The Persian Jewish community, as reflected in the Book of Esther, responded to the entire episode with a determination to survive as Jews and with a discerning reaffirmation of its Jewishness in relation to gentiles. Nowhere is there a hint that all gentiles were like Haman. Jews attacked people because they were unjustified enemies intent on murder, not because they were gentiles. Gentiles who helped were neither censured nor criticized. The Jews avoided blind affirmation of the victory and naive praise of Jewish-gentile cooperation.

Biblical Humor in the Book of Esther

Purim celebrated the ability of the Jew to live and cope with an imperfect world where shrewd use of power and opportunity often spelled the difference between destruction and survival. It celebrated (and admitted!) the narrow margin by which Jews snatched meaning from the jaws of tragedy and absurdity in history. The humor, mockery, and tongue-in-cheek tone of the Book of Esther and of the holiday is a perfect way to express the ambiguities and reversals built into the occasion. The way to deal with reversals is to play with them; humor can be the key to sanity. It is the only healthy way to combine affirmation with ongoing doubt.

Although the Bible uses humor to mock the pretensions of God’s adversaries, the application of satire in a holy day was unprecedented. No wonder established thinkers hesitated or resisted; adoption of the Purim holiday came from the folk, which expressed itself in a rollicking (to scholars, "unseemly") way. It took time for the religious authorities to confirm the holiday, and it took centuries for the Book of Esther to be fully accepted as worthy of inclusion in the Bible.

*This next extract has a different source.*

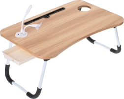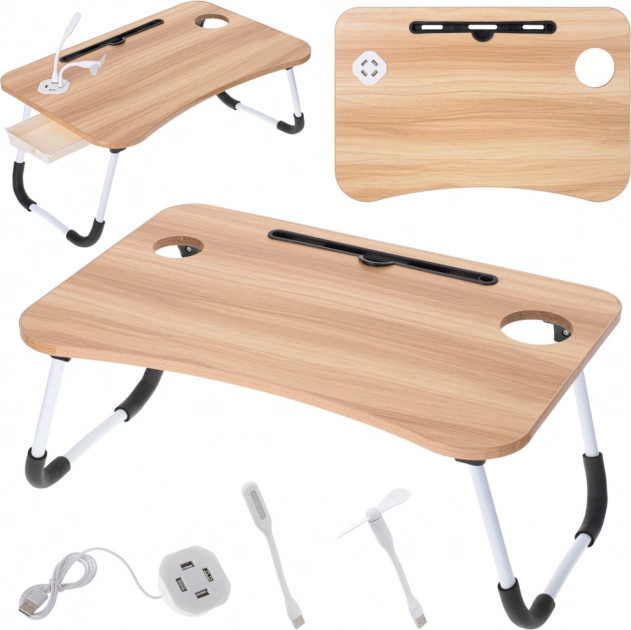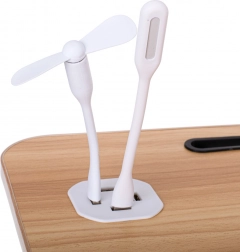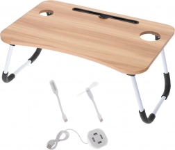 Uživajte v maksimalnem udobju pri delu ali zabavi z našo zložljivo mizico za prenosnik z vgrajenim USB-panelom. Mizica omogoča udobno namestitev prenosnika in preprečuje njegovo pregrevanje. Izkoristite tudi ventilator in lučko z USB-priklopom za prijetnejše delo.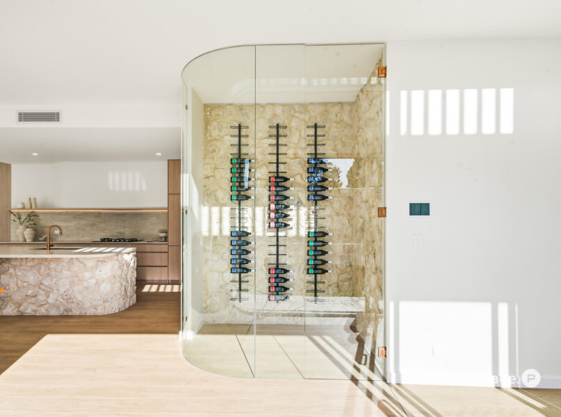 Curved glass wine cellar serving as a striking centrepiece to the open-plan living area

Persian Jews gave up neither on the Diaspora nor on their Jewishness. Despite the narrow margin of their salvation, they remained committed and involved in Persia. The scroll of Esther describes their remarkable transformation from a condemned, vulnerable minority to a powerful, confident community. Thanks to Jewish self-assertion and the hidden grace of God, the mourning, fasting, weeping, and lamenting are turned into "light, joy, gladness, and honor" for the Jews. Purim "reruns" the Exodus story. This time its result is not a happy ending in the Promised, Land but peace and prosperity in the Diaspora.

God’s Role in the Diaspora

By expanding the history of Jewish redemption to include Diaspora experiences, the Book of Esther opened up Judaism to the world. Once the Megillah made clear that God’s redemption operates in Diaspora as well, Judaism became an option for those who never lived or have no intention of living in the land of Israel. The Book of Esther tells that many of the peoples of the land became Jews or passed themselves off as Jews. While the obvious motive for this behavior was fear of the new Jewish power, the result was that people now saw Jews as a religious community that all could join, not just a tribe living in a certain land.

The Book of Esther communicates a new sense of triumph, of an optimistic, self-confident Jewish Diaspora that can boast of one of it own as prime minister, a community fully able to defend the Jew from further attack. Yet in its narrative, the scroll reminds Jews that they are permanently vulnerable in Diaspora. (Perhaps one should say that as long as the world is unredeemed, Jews are vulnerable, for today even the rebuilt land of Israel is also not totally secure.)

Persian Jewry can serve as a model for a Diaspora Jewry that strives to be powerful yet live without illusions, one that enjoys prosperity and freedom yet is aware of the risks of history. To affirm the centrality of Zion and the unity of the Jewish people while living one’s own good life and striving to maintain Jewish loyalty is not easy, although the Book of Esther suggests that it is possible. But those who choose this way should never forget the Talmud’s wistful comment: Had all the Jews returned to Israel from the first Exile, the Jews could never have been thrown off the land again.